Broad authority for the governor to regulate state S&Ls as a group or on an individual basis, in effect through June 30, 1986.
* Legislation permitting appointment of conservators or receiverships, and pledges of collateral to the Federal Reserve to support borrowing from the Fed.
* Emergency appropriation of $1 million to the Board of Public Works for administrative costs of implementing the program.
* Creation of the Maryland Deposit Insurance Fund, within the Department of Licensing and Regulation, to assume assets and liabilities of MSSIC. Initially, all state chartered associations would be members. After June 1, associations with savings accounts of $25 million or more could remain members for: -- seven months while making application for federal insurance; -- three months after application for federal insurance is denied; -- one year if controlled directly or indirectly by an institution with federal insurance; -- one year after an association's assets exceed the $25 million threshold.
* S&Ls with assets in excess of $25 million that cannot qualify for federal insurance would be placed in conservatorship or receivership once those time limits were exhausted. S&Ls with assets of less than $25 million will stay in the state insurance fund until some other solution is devised. One solution might be to merge some of them. Others might eventually be forced to go out of business.

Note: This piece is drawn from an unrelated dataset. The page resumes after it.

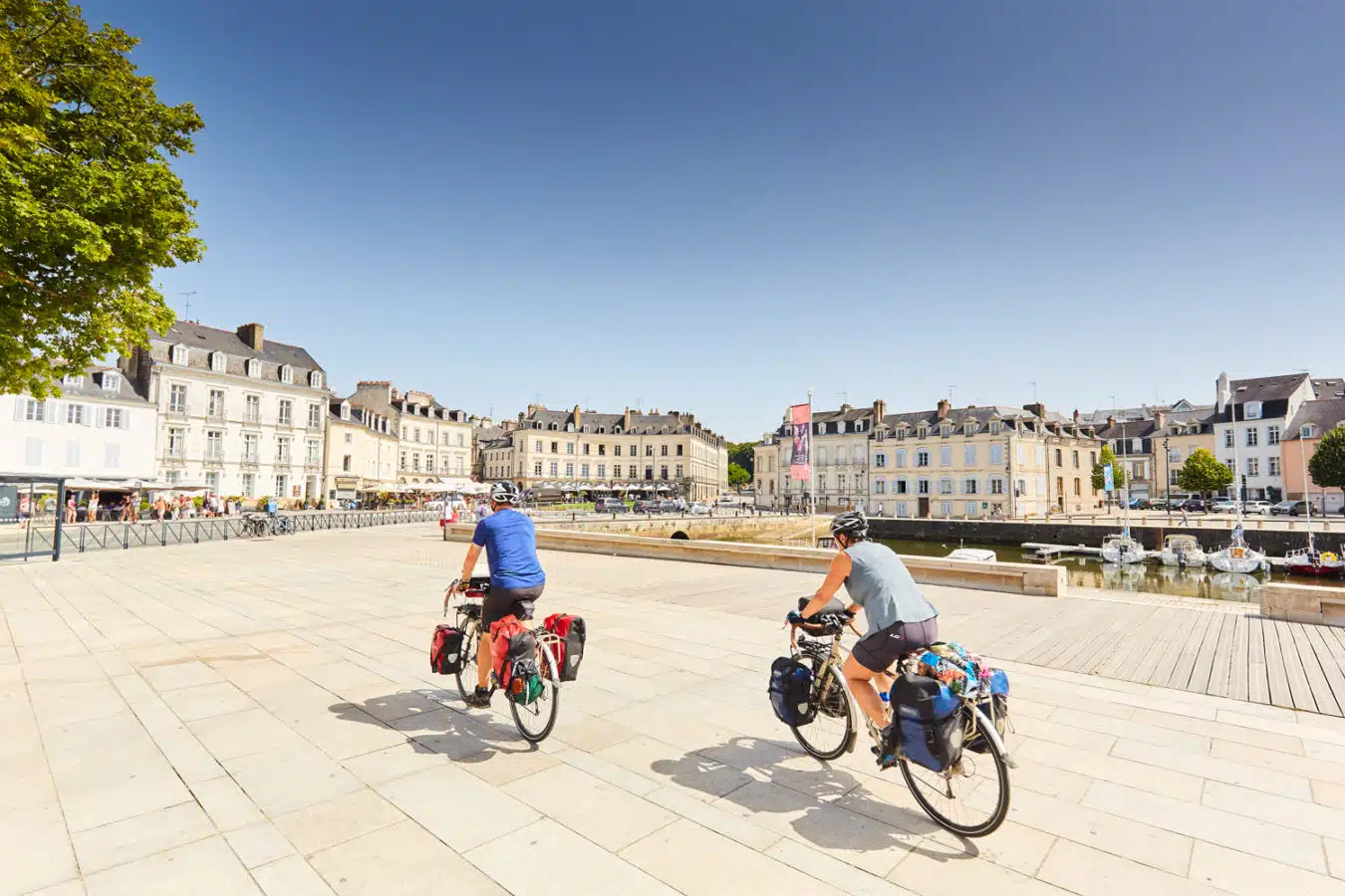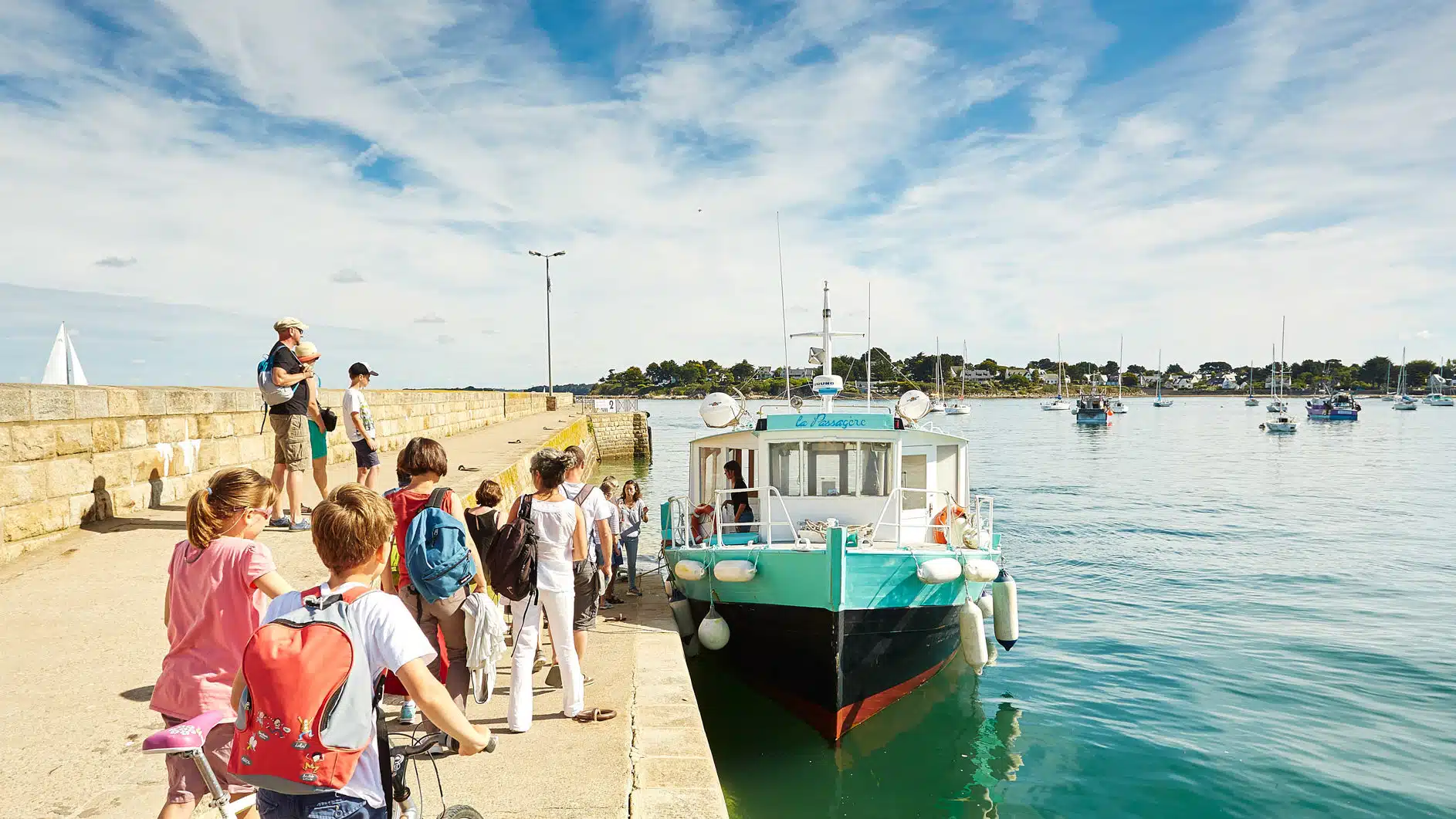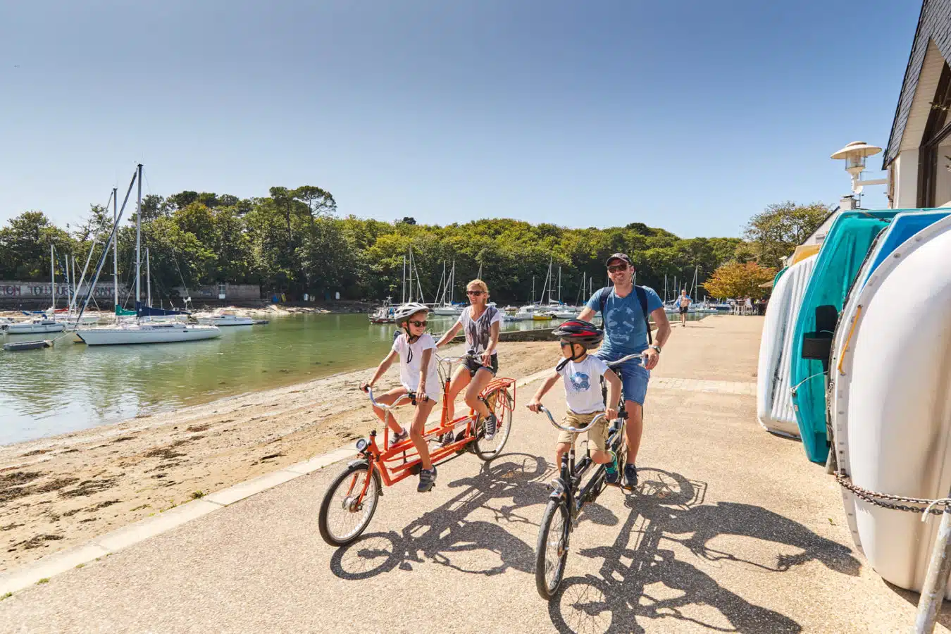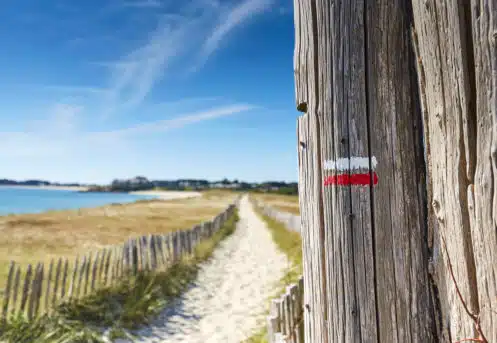 Les randonnées vélo Les itinéraires vélo dans le Golfe du Morbihan marient les routes de bord de mer, les pistes cyclables, les micro-pentes et les traversées en bateau… Partager sur Facebook Partager sur Twitter Accueil » Explorer » Vivre l’exceptionnel… » Les randonnées vélo Nature Pédaler autour du golfe… Le golfe du Morbihan est une vraie terre de vélo. Ici, tous les sujets de la petite reine trouvent pédale à leur pied ! Les itinéraires vélo marient les routes de bord de mer, les pistes cyclables, les micro-pentes (oubliez les grandes ascensions, ce n’est pas chez nous !) et les traversées en bateau… Car autour du golfe du Morbihan, les kilomètres s’enchaînent sur terre et s’économisent en mer… 5 Bonnes Raisons de faire du vélo dans le GOLFE DU MORBIHAN Planifiez votre itinéraire cyclable via l’outil Geovelo Embarquez à vélo ! Louer un vélo dans le Golfe du Morbihan WEEK-END SANS VOITURE Escapades à vélo, à la découverte des 8 stations vertes de l’agglomération Golfe du Morbihan-Vannes agglomération est un territoire touristique multi-facettes grâce à la diversité de ses 34 communes : urbaines, rurales, littorales ou bien encore insulaires. Véritable terrain de jeux pour les activités de pleine nature, l’agglomération séduit les amoureux du Golfe du Morbihan mais également ceux souhaitant sortir des sentiers battus dans le Pays vert. Ce livret Escapades à vélo vous donnera l’occasion de découvrir les 8 Stations Vertes du territoire (Arradon, Elven, Grand-Champ, Monterblanc, Plescop, Plougoumelen, Saint-Avé et Sulniac) en sillonnant 16 circuits et 4 liaisons, des Landes de Lanvaux au bord du Golfe. JE télécharge le livret J’utilise l’appli geovelo En savoir plus sur les communes « Stations vertes » du Golfe du Morbihan. 5 bonnes raisons de faire du vélo dans le Golfe du Morbihan 1 -S’ÉCONOMISER Faire du vélo dans le Golfe du Morbihan permet d’économiser et de s’économiser. Économiser car le tourisme à vélo est gratuit, ou pas cher si vous louez votre bicyclette. Les plans sont offerts par l’office de tourisme et généralement, se constituer un panier repas n’est pas des plus onéreux. S’économiser également ! Car si vous voulez voir du pays, et pédaler sur les deux rives du golfe, il y a une astuce qui vous permet de gagner 20 kilomètres en 2 minutes ! Des barges permettent aux randonneurs de ménager leurs efforts en embarquant leurs vélos pour atteindre par la mer l’autre rive du golfe, Damgan ou Locmariaquer. Ainsi les petits passeurs permettent de tricher pour atteindre Séné depuis la presqu’île de Conleau à Vannes ou la presqu’île de Rhuys à Saint-Armel tout en profitant d’une petite pause nautique, celui de Pen Cadenic de joindre Pénerf à Damgan et celui de Port-Navalo de traverser l’entrée du golfe pour relier Locmariaquer. Les liaisons maritimes (hors croisières) vers l’île aux Moines et l’île d’Arz accueillent également les vélos à leurs bords. 2 -PRENDRE SON TEMPS Privilégier la qualité à la quantité ! Comprenez : à chacun son rythme. Pas de stress, on pédale en coeur, et surtout on s’arrête quand on veut. Pour prendre une photo d’un nouveau point de vue sur le golfe ou devant une chapelle trop mignonne, pour se désaltérer sous un arbre centenaire, pour une pause shopping dans une boutique so trendy**, pour un pique-nique les pieds dans l’eau… Se perdre dans le golfe est aussi une des meilleures occasions de découvrir des trésors cachés, des points de vues différents, petits villages aux pierres surannées … 3 -COMMUNIQUER AVEC LA NATURE On ne va pas jouer les chamanes éperdus, mais sentez cette proximité immédiate avec la nature. Prenez pleinement conscience des panoramas à 360° que vous propose chaque point de vue ! Le Golfe du Morbihan offre une nature généreuse, sur terre et sur mer ! 4 – PRENDRE SOIN DE SA SANTÉ C’est un peu une vérité de la Palice ! Le vélo c’est bon pour la santé ! Outre l’effet fitness qui affine vos gambettes, le vélo augmente notre rendement cardio-pulmonaire, il diminue les risques de maladies chroniques telles le diabète ou l’hypertension artérielle et a une action préventive sur l’apparition de certains cancers. Ça, c’est pour le côté physique et c’est déjà pas mal ! Du point de vue psychique, le vélo est une activité qui permet aussi de se « vider l’esprit » et favorise le « lâcher prise ». Et ça, c’est énorme ! 5 -REMPLIR SON RÉSERVOIR À SOUVENIRS Une fois les formalités de la location passées, le pique-nique bien calé sur le porte-bagage et les premiers rondspoints contournés pour s’élancer sur les itinéraires fléchés, profitez de cette activité de partage en famille ou entre amis. La balade à vélo est idéale pour papoter, rigoler, se challenger dans les côtes ou piquer un sprint sur les derniers kilomètres. Pédaler devient une formidable odyssée, génératrice de souvenirs inoubliables ! Planifiez votre itinéraire cyclable Type de randonnée À cheval À pied À vélo 🏃 Trail 🚴 VTT-AE et Gravel 🥾 Marche nordique Ville Brandivy Elven Grand-Champ Locmaria Grand-Champ Locqueltas Meucon Monterblanc Plaudren Ploeren Saint-Avé Sarzeau Sulniac Surzur Séné Theix-Noyalo Treffléan Trédion Vannes Difficulté Facile Moyen Difficile Distance – de 10 km de 10 à 20 km + de 20 km Circuit du Govéro – Monterblanc 13 km – 3h30 – Moyen Etang du Govéro RD182 Entre Terre et Mer – Sarzeau 15 km – 3h45 – Moyen Parking du Bindo Randonnée Tro Breiz de Vannes à Sainte-Anne-d’Auray 22 km – 4h – Difficile Parking du velodrome Circuit de la boucle d’Assénac – Ploeren 8 km – 2h – Facile Départ du parking du Racker près du Stade Le Douarin Les Landes de Lanvaux – Experts 35.1 km – 3h40 – Facile Grand-Champ Pont Berthois 33 km – 3h – Facile Grand-Champ À la découverte de Burgo 19.2 km –

* Several proposals would help state S&Ls to qualify for federal insurance, which requires a 5 percent net worth for MSSIC S&Ls. It means that a savings institution must have accessible funds equal to 5 percent of liability. One plan would allow those institutions that fall short of that to qualify by additional investments by owners or by being purchased by an in-state or out-of-state S&L or bank. The latter would be subject to approval by state and federal agencies. Under another proposal, the state would issue a note to the S&L in exchange for a net worth certificate, a document that would give the state control of the thrift's equity interest. The state-issued note would allow the thrift to meet the 5 percent requirement.
* Authorize a $200 million bond issue to fund the MDIC or to purchase net worth certificates.